Heather Mac Donald’s coded racism is not at all subtle

Heather Mac Donald is claiming that identity politics is harming the sciences. It’s an amazing exercise in willful blindness and coded assumptions.

Identity politics has engulfed the humanities and social sciences on American campuses; now it is taking over the hard sciences. The STEM fields—science, technology, engineering, and math—are under attack for being insufficiently “diverse.” The pressure to increase the representation of females, blacks, and Hispanics comes from the federal government, university administrators, and scientific societies themselves. That pressure is changing how science is taught and how scientific qualifications are evaluated. The results will be disastrous for scientific innovation and for American competitiveness.

Yes, we’re always changing how science is taught. When I was a college student, you’d go into a huge classroom, sit on your butt, and a professor on a distant podium would lecture at you. That was great for some things, and I learned a lot, but the most formative experiences in my training were all in small lab settings where we did stuff. Good teachers experiment all the time and try new approaches to engage students. I don’t think Mac Donald is a teacher, or has any experience in STEM, so she’s lacking in qualifications to judge how teaching works, and she doesn’t present any evidence that teaching is getting worse as we reach out to diverse students.

But look at that coded assumption at the end of the paragraph: it is going to have a “disastrous” effect on American science if we increase representation of “females, blacks, and Hispanics”! Why? Does Heather know something we don’t? Are we just supposed to assume that those groups are intellectually inferior to white men, so it’s going to downgrade our scientific institutions if we don’t staff them entirely with white guys?

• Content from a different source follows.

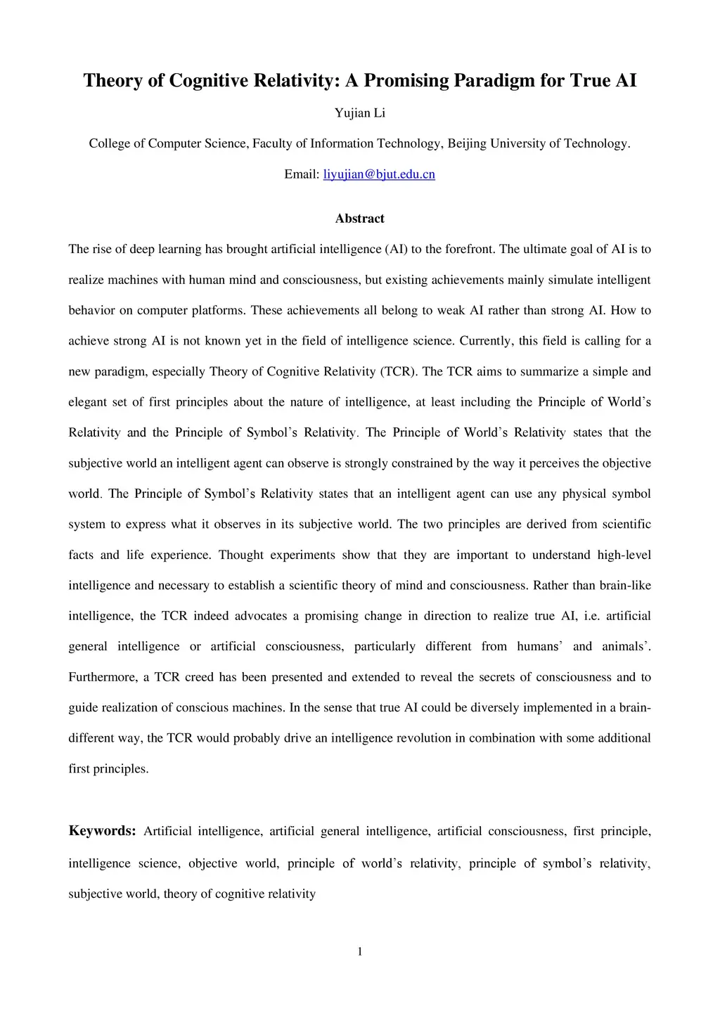 The rise of deep learning has brought artificial intelligence (AI) to the forefront. The ultimate goal of AI is to realize machines with human mind and consciousness, but existing achievements mainly simulate intelligent behavior on computer platforms. These achievements all belong to weak AI rather than strong AI. How to achieve strong AI is not known yet in the field of intelligence science. Currently, this field is calling for a new paradigm, especially Theory of Cognitive Relativity (TCR). The TCR aims to summarize a simple and elegant set of first principles about the nature of intelligence, at least including the Principle of World's Relativity and the Principle of Symbol's Relativity. The Principle of World's Relativity states that the subjective world an intelligent agent can observe is strongly constrained by the way it perceives the objective world. The Principle of Symbol's Relativity states that an intelligent agent can use any physical symbol system to express what it observes in its subjective world. The two principles are derived from scientific facts and life experience. Thought experiments show that they are important to understand high-level intelligence and necessary to establish a scientific theory of mind and consciousness. Rather than brain-like intelligence, the TCR indeed advocates a promising change in direction to realize true AI, i.e. artificial general intelligence or artificial consciousness, particularly different from humans' and animals'. Furthermore, a TCR creed has been presented and extended to reveal the secrets of consciousness and to guide realization of conscious machines. In the sense that true AI could be diversely implemented in a brain-different way, the TCR would probably drive an intelligence revolution in combination with some additional first principles.

This next paragraph is actually correct.

The National Science Foundation (NSF), a federal agency that funds university research, is consumed by diversity ideology. Progress in science, it argues, requires a “diverse STEM workforce.” Programs to boost diversity in STEM pour forth from its coffers in wild abundance. The NSF jump-started the implicit-bias industry in the 1990s by underwriting the development of the implicit association test (IAT). (The IAT purports to reveal a subject’s unconscious biases by measuring the speed with which he associates minority faces with positive or negative words; see “Are We All Unconscious Racists?,” Autumn 2017.) Since then, the NSF has continued to dump millions of dollars into implicit-bias activism. In July 2017, it awarded $1 million to the University of New Hampshire and two other institutions to develop a “bias-awareness intervention tool.” Another $2 million that same month went to the Department of Aerospace Engineering at Texas A&M University to “remediate microaggressions and implicit biases” in engineering classrooms.

Yes. The funding agencies are awake to the fact that American demographics are changing. We can either ignore the shrinking pool of white male students entering the sciences, or we can try to address and incorporate the growing pool of brown-skinned and female people. There is an understanding in the funding agencies that Heather Mac Donald lacks: there is an immense group of intelligent, talented, ambitious people who don’t look like Dennis Miller. We have an aging, largely white male professoriate (who, moi?) and we need to take active steps to end the natural tendency to favor people who look like us.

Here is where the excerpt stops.